Reinforced Anti‐Oxidative Degradation and Interface Stabilization in Bimetal Oxide Filler‐Based PEO Electrolytes for Lithium Metal Batteries

Abstract Polyethylene oxide (PEO) electrolytes hold significant potential for the next‐generation all‐solid‐state lithium metal batteries. However, their practical application is limited by low ionic conductivity, unstable solid electrolyte interphase (SEI) and, especially, poor oxidative stability under high voltages. Herein, a filler‐modified PEO is proposed to address these challenges. The filler, TIO (SnO 2 doped with In 2 O 3 ), is rich in oxygen vacancies, acting as Lewis acids to interact with TFSI − , which releases more Li + and achieves a higher ionic conductivity and Li + transference number.
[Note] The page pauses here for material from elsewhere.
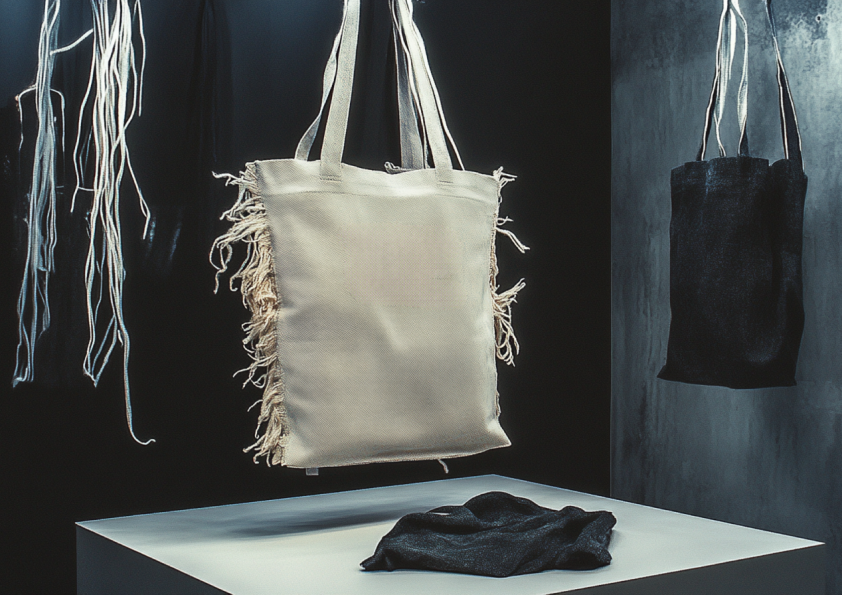Промт: «Fashion vhs photo of a minimalist fabric tag for Vogue editorial in the style of Maison Margiela with creative direction in the style of Enfants riches Deprimes, ribbed white cotton, minimalist fabric tag with. The tag should be a small piece of light-colored, natural fabric with slightly frayed edges for a vintage, upcycled look. A simple metal safety pin attaches the tag, adding to the artisanal aesthetic. Across the tag, in a clean Helvetica font, add the text: ’UPCYCLED CLOTHES’ Ethereal glow, wierdcore, odd core, detailed objects, sharp details, in a hyper realistic photographic style, hard motion, motion blur, high resolution photography, frame in motion, hyper realistic photography, 8k resolution, inspiration is projection art and high fashion, on black background»

Moreover, Sn 4+ /In 3+ in the TIO can form alloy phases with lithium metal to facilitate Li + deposition and transport across the SEI. Consequently, Li//LiFePO 4 cells using the filler‐modified PEO exhibit a reversible capacity of ∼140 mAh g −1 and excellent capacity retention of 92% over 800 cycles at 0.2 C. Importantly, the TIO interacts with hydroxy groups and H atom on α‐C in PEO, reducing PEO's reactivity and extending its decomposition potential to 4.75 V. Owing to the inhibited oxidative decomposition upon high‐voltage cycling, the filler‐modified PEO enables Li//LiNi 0.8 Co 0.1 Mn 0.1 O 2 cells to achieve an outstanding initial capacity of 170 mAh g −1 and maintain 70% capacity retention over 200 cycles at 0.5 C at a high cut‐off voltage of 4.3 V.